Born between two world wars and growing up in a north London in which bombings by the Nazi Luftwaffe were daily occurrences, Joan spend her childhood between school, home and bomb shelters. Her older brothers where recruited into the British army during the war, which left an indelible mark on them, and her own memories of the time were underscored by the drone of warplanes and the sound of falling missiles.
From early childhood, Joan had been inclined towards dance – a form of artistic expression that she went on to develop to a high level. Graduating from the Sigurd Leerder dance school in her early twenties, she travelled across Europe as a solo ballerina with the German Ballet Jooss, before arriving in Chile in the mid-1950s.
Joan performed in the Chilean National Ballet and in the Santiago Ballet Company alongside her Chilean dancer husband Patricio Bunster, with whom she had one child and founded the Ballet Popular, taking modern dance to deprived urban and rural areas of Chile. The Bunsters’ marriage did not last long, however, and the couple were divorced three years later, having separated before the birth of their only daughter.
Joan met folk singer and theatre director Víctor Jara at the University of Chile in 1961, just one year after her separation from Patricio. She was giving dance classes in the department where Víctor was pursuing his theatre studies. They had another daughter together, and set up a home that became known in artist circles for its musical get-togethers and revolutionary atmosphere.

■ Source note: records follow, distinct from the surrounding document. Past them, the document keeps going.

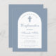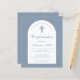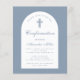Um convite de confirmação moderno para um menino. Em fundo azul empoeirado, ele tem um arco branco com dentro de texto azul empoeirado. A ocasião e o nome são escritos em um roteiro caligráfico elegante; a primeira linha é o texto arquivado.
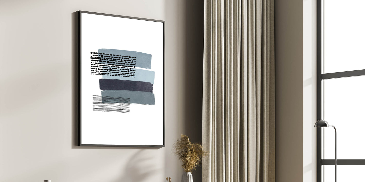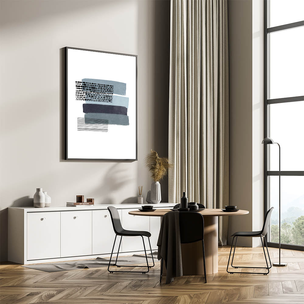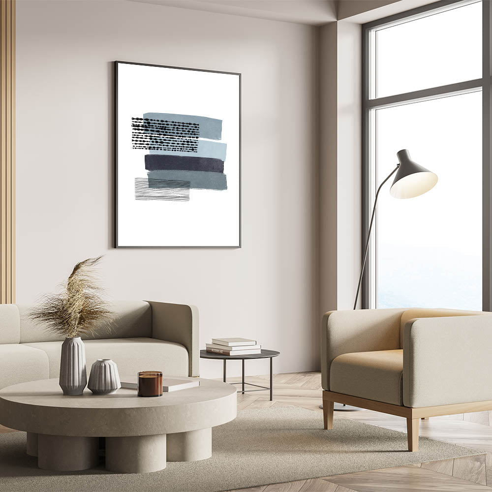 Introduce a captivating piece of Mid Century Modern art to your living space with this retro abstract design. Featuring horizontal bands of muted blue, navy, and black, combined with unique geometric patterns, this artwork perfectly embodies a minimalist aesthetic while maintaining vintage appeal. The subtle contrasts in color and pattern make this piece a versatile addition to any room, effortlessly complementing mid-century modern decor.
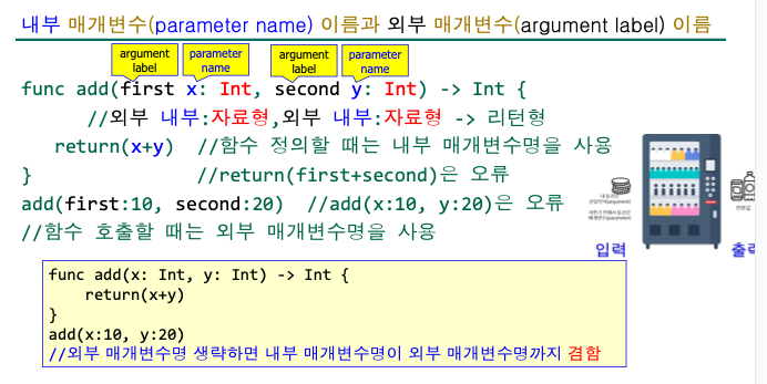 - 외부 매개변수명 (argument label): 함수를 호출할 때 인자를 구분하기 위해 사용.

On 16 September 1973, five days after a brutal CIA-inspired fascist coup, Víctor was murdered by the new military junta, rounded up with thousands of other leftists as a result of his long-term membership of the Communist Party of Chile, his vocal and active support for the Popular Unity government of Salvador Allende, and his renown as a revolutionary folk singer.
Tipped off regarding the location of her dead husband, Joan went with a friend to identify his body in a Santiago morgue, one of only a few relatives of the disappeared to ever find out what had happened to their loved ones and to accord them a decent burial.
Just days after Víctor’s funeral, Joan fled with her two daughters to her native England, where she remained until her return to Chile in 1985.
Two years before the family’s return to Santiago, Joan founded the Víctor Jara Foundation, dedicating it “to Víctor’s artistic legacy and the effort to recover collective memory so that new generations of Chileans can access and enjoy the artistic, social and political work that he contributed to his country”.
She fought tirelessly for her husband’s murderers to be brought to trial and for the truth to be revealed regarding all those who had been disappeared, tortured and murdered by the military fascist regime of General Augusto Pinochet.
While in exile in Britain, Joan played a crucial role in raising international awareness of the horrors that were unfolding in Chile under Pinochet’s bloody rule. In 2016, she was a key witness in a civil trial against former army officer Pedro Pablo Barrientos, who was found liable by the court for Víctor’s death.
On 1 December 2023, Barrientos was finally extraditied to Chile to face trial for kidnapping, torture and murder – half a century after committing his vile crimes in service of the US-backed junta. He touched down in Santiago just weeks after Joan’s death, following five decades of campaigning that had finally borne fruit. The US-based masterminds behind the Chilean criminals remain at large, of course.
A recipient of many art and dance awards in the country, Joan was naturalised as a Chilean by the government of Michelle Bachellet in 2009 in recognition of her contribution to the arts and her commitment to the rebuilding of democracy.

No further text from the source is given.